You see, I’ve always been an old soul. I’ve always known I wanted to settle down, get married and have pets (never children) and while it seems I am on track with my life goals, I am still feeling the great unease surrounding who I am and what I bring to the world.

Since I was a young teenager, I’ve always wanted to be famous somehow. I wanted to sing, but stagefright put paid to that dream – likewise with acting (for which I was awarded an ‘exceptional’ from my year 8 Drama teacher) and performance anxiety has shrouded my life in many ways.

I’ve always had the fear of being like everyone else. When I was at school I made it my plan to stick out like a sore thumb – and was bullied because of it. But I was stoic in that I didn’t want to fit in and be like everyone else, so I took it and it made me strong.

Yet here I am at the age of thirty, wanting, in part, to be like everyone else. Not, in the sense of I want to be in a job I dislike, pay rent to a greedy landlord and have children drive me round the bend, but in the sense that I want to be a productive member of society. (You have no idea how much I hate myself for saying that!)

Living with an incurable, oftentimes debilitating illness means I am not a ‘productive’ member of society. I am unable to follow my career goals (of which I have had many, shot down in a blaze of smoke) and now I’m left with a sense of ‘now what?’

I felt so compelled by these feelings of unease that last year I enrolled onto a distance learning Degree in History and surprisingly to me, I’m doing very well on my first module (If I was studying at a brick uni, I would be at distinction level!) and I’m really enjoying spending time wisely, studying. I no longer felt like I was wasting away in my bedroom waiting for the weekend when I get to spend time with my partner of nearly 3 years.

However, I’m now nearing the end of my first module (of which there are 6 – one per year) and I’m finding myself twiddling my thumbs again. I’ve started the audiobook of the set book for my next module yet it doesn’t start until October.

People think being at home and ‘off work’ is a dream lifestyle. I won’t argue that it has its benefits – I can stay up as late as I want and wake up as late as I want, for example, but I’m also trapped inside 4 walls for 90% of my day and two thirds of the week. As an unworking woman, I do not have the funds to be galavanting around in a car (I can’t drive manual and cannot afford an automatic car) nor do I have the energy to do so.

I spend my days lying on my bed in various positions (shifting when the pain becomes too much to bear) and it’s demoralising.
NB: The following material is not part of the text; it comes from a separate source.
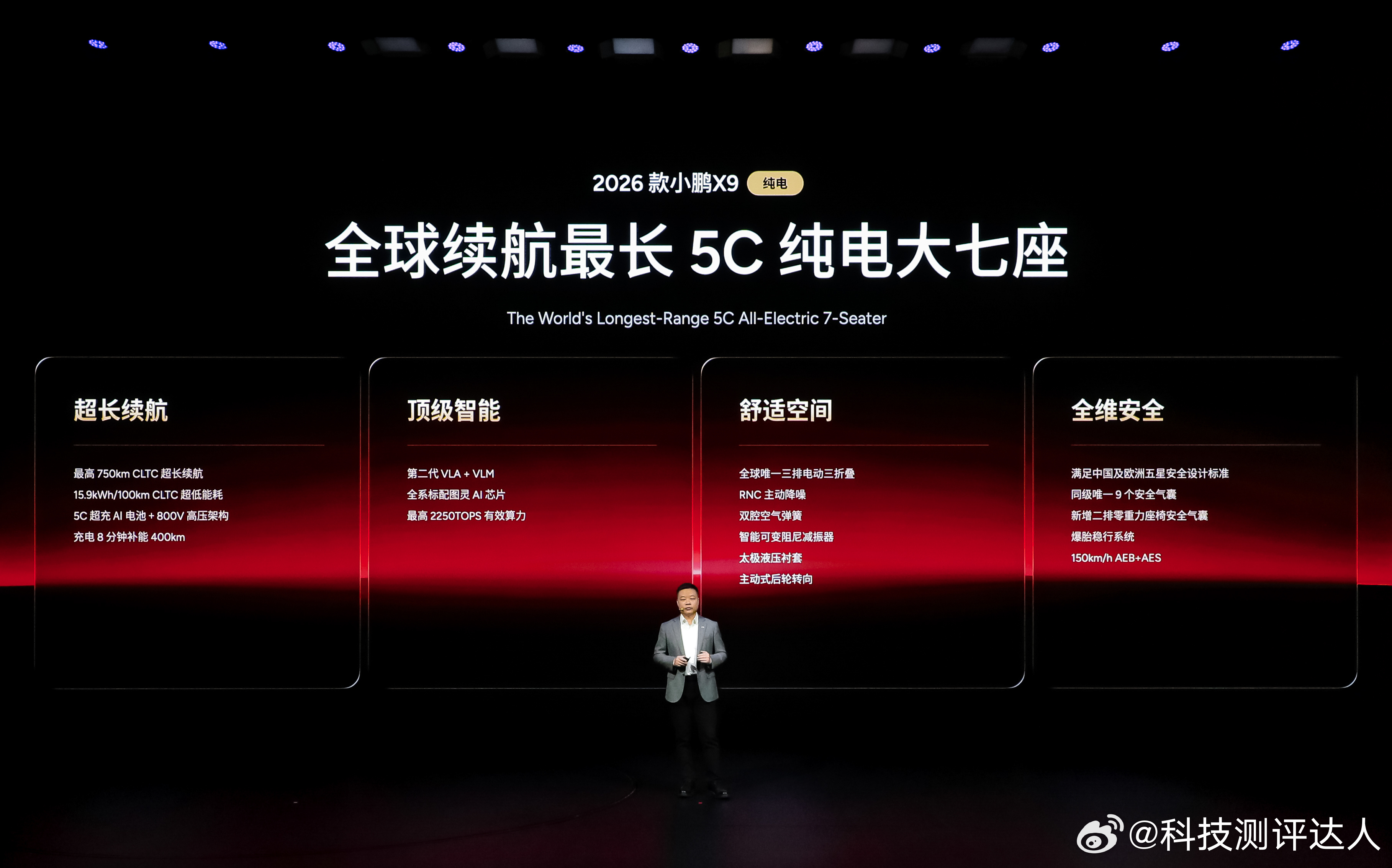当新能源MPV市场越来越拥挤,能真正脱颖而出的,永远是技术和体验双在线的产品。小鹏智驾负责人表示,真正拉开差距的时刻已经到来,这句话放在新款小鹏X9纯电版身上,一点都不夸张。新款X9纯电版30.98万起正式上市,产品力全面对齐增程版,真正做到一车双能、同标旗舰。作为全球续航最长的5C纯电大七座MPV,它最高CLTC纯电续航750km,电耗低至15.9kWh/100km,再加上800V+5C超充,10%-80%补能只要11.7分钟,家用、长途都足够安心。空间和舒适同样在线,全球首发三排电动折叠、带气囊的零重力座椅、百万级太极AI底盘,再配上全车9安全气囊、中欧双五星安全标准,把家庭出行的需求都考虑到位。智能层面,全系标配图灵AI芯片,搭载第二代VLA物理世界大模型,朝着L4级智驾稳步迈进,第二代VLA也将在3月开始全量推送,后续还会实现驾舱融合与Robotaxi运营。目前X9已经拿下1月新能源MPV销量冠军,累计交付突破5万台,成为不少家庭的首选。现在购车还有最高5万元权益、定金膨胀、专属置换补贴,诚意给得很足。现在大家买车越来越理性,不再轻易被噱头和营销打动,而是更看重真实力、真体验、真安全。小鹏X9之所以能在激烈的市场里脱颖而出,就是因为它把家用MPV该有的责任感做到了极致,照顾到车上每一位乘客,无论是老人还是孩子,都能感受到舒适与安心。一台真正为家庭而生的车,自然会收获市场的认可,这也是中国品牌越来越强大的最好证明。小鹏智驾负责人称拉开差距的时刻到了新款小鹏X9纯电版上市30.98万起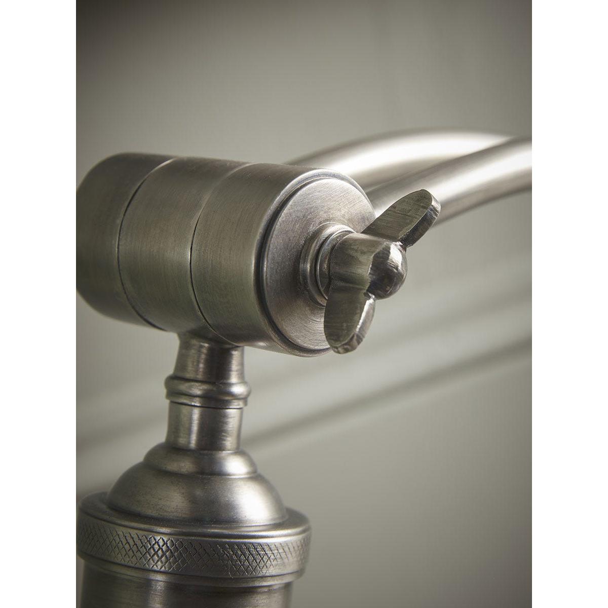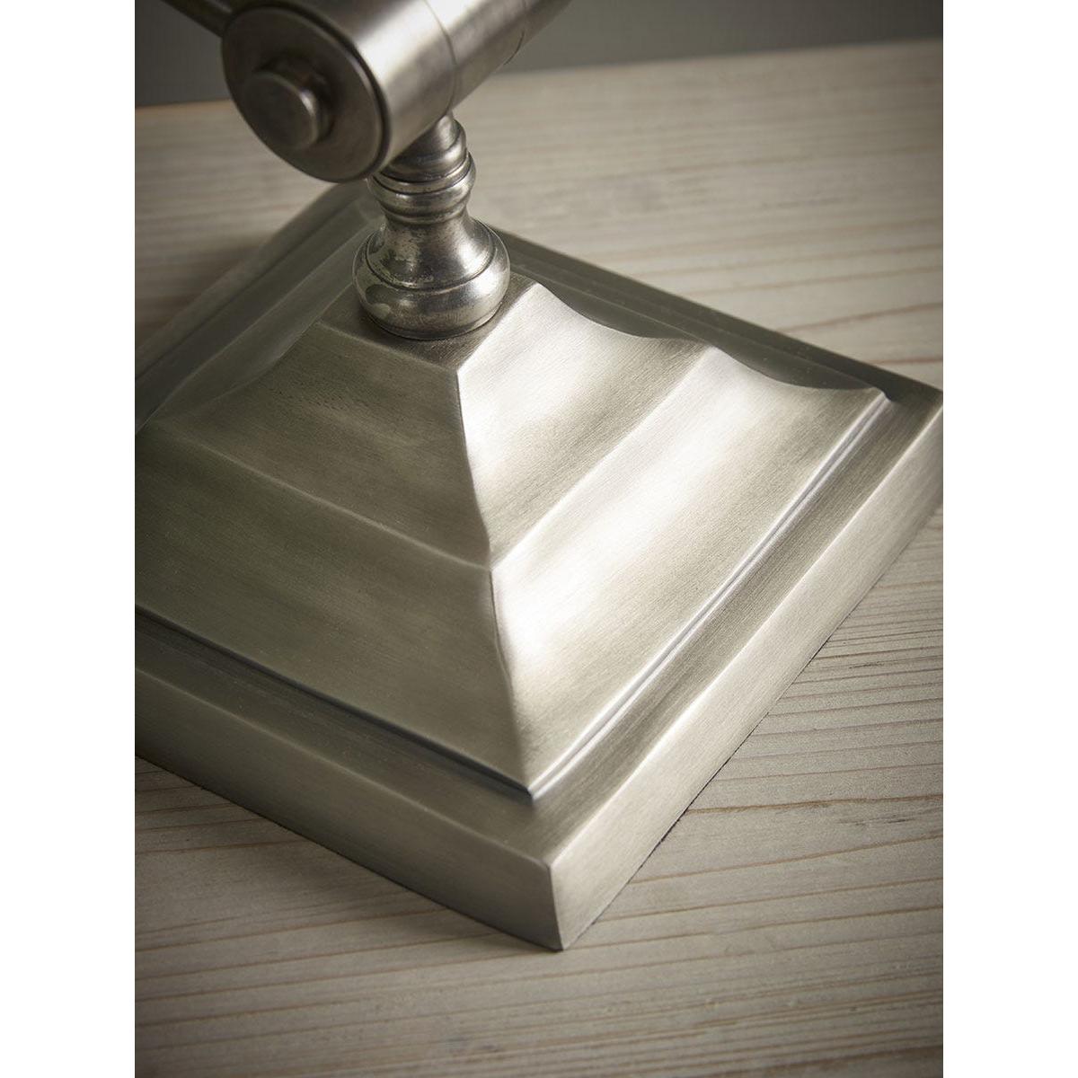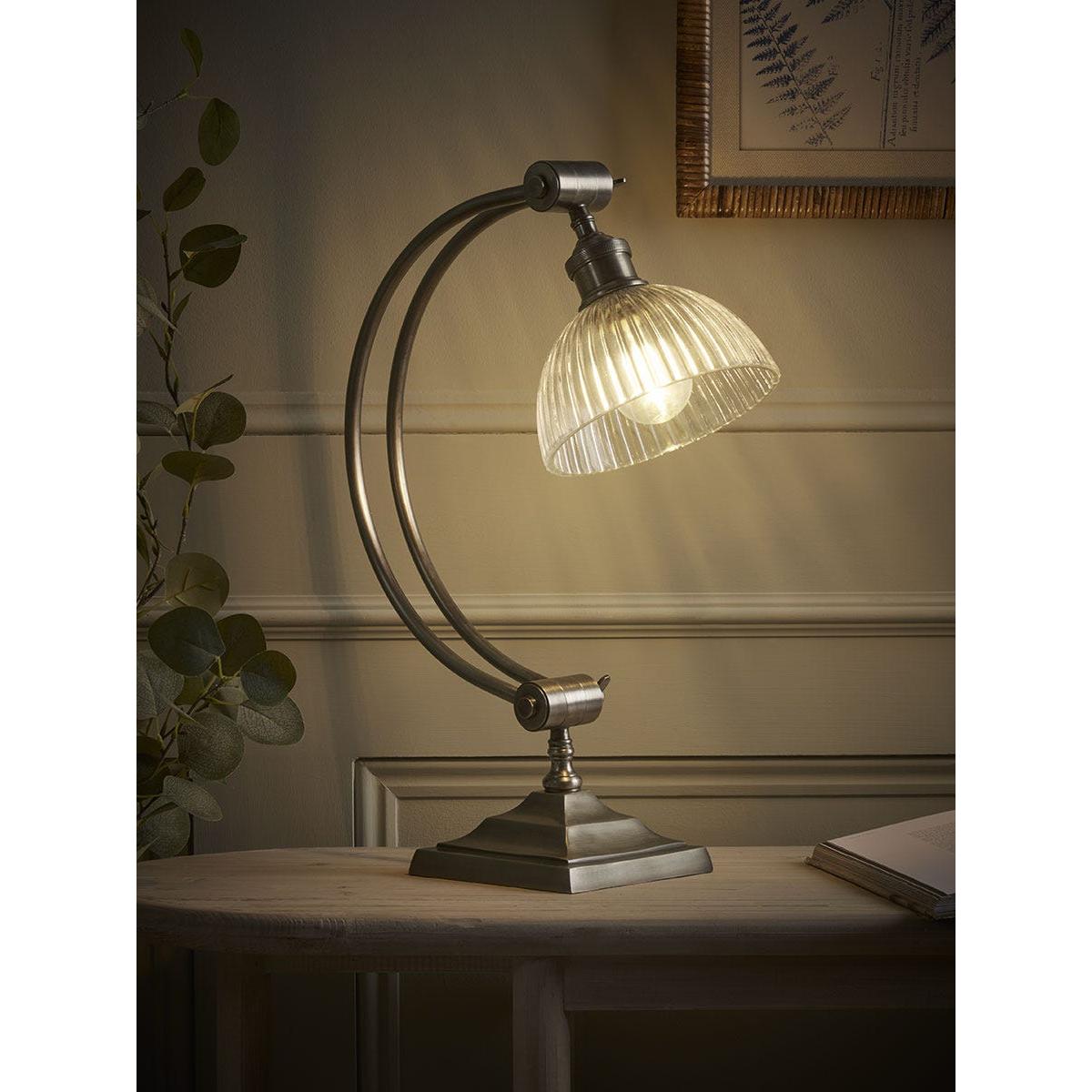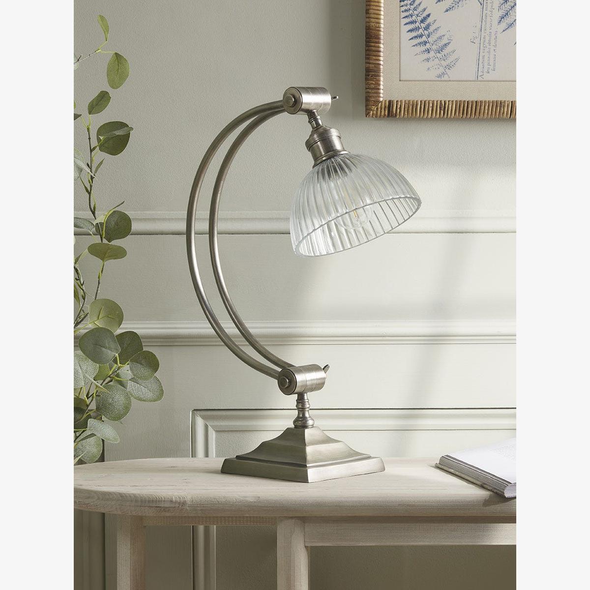 Redefine your home office or even your bedtime reading with this elegant desk light. With a swooping curved arm supported by a tiered plinth in a polished silver tone, your papers and books will be beautifully illuminated by the bowl shaped glass shade which is defined by a gentle ribbed design. Wingnut style fixings allow you to position the lamp to suit your needs, allowing you to carry out tasks in timeless style.

Seeing all those people on Instagram going places in life makes me feel uneasy. In the pit of my stomach I feel the longing to have a ‘normal life’ like all these people I watch every day.

But then, I have to remind myself, yet again, that I’m not normal. I do have an incurable illness and I will have it for the rest of my life. It’s really really hard to balance this unending feeling of disquiet in my soul, with the knowledge that I’m doing the best I can. I have an enquiring mind and I want to see the world – this is in complete competition with the fact that my body was not built the same way as my mind. My body is broken, but my mind is sharp.

How does one reconcile a life wanted, with the life given? How does one overcome the odds when they are all stacked against you? This is something my mind continues to wonder, while I lie here, in pain, day after day.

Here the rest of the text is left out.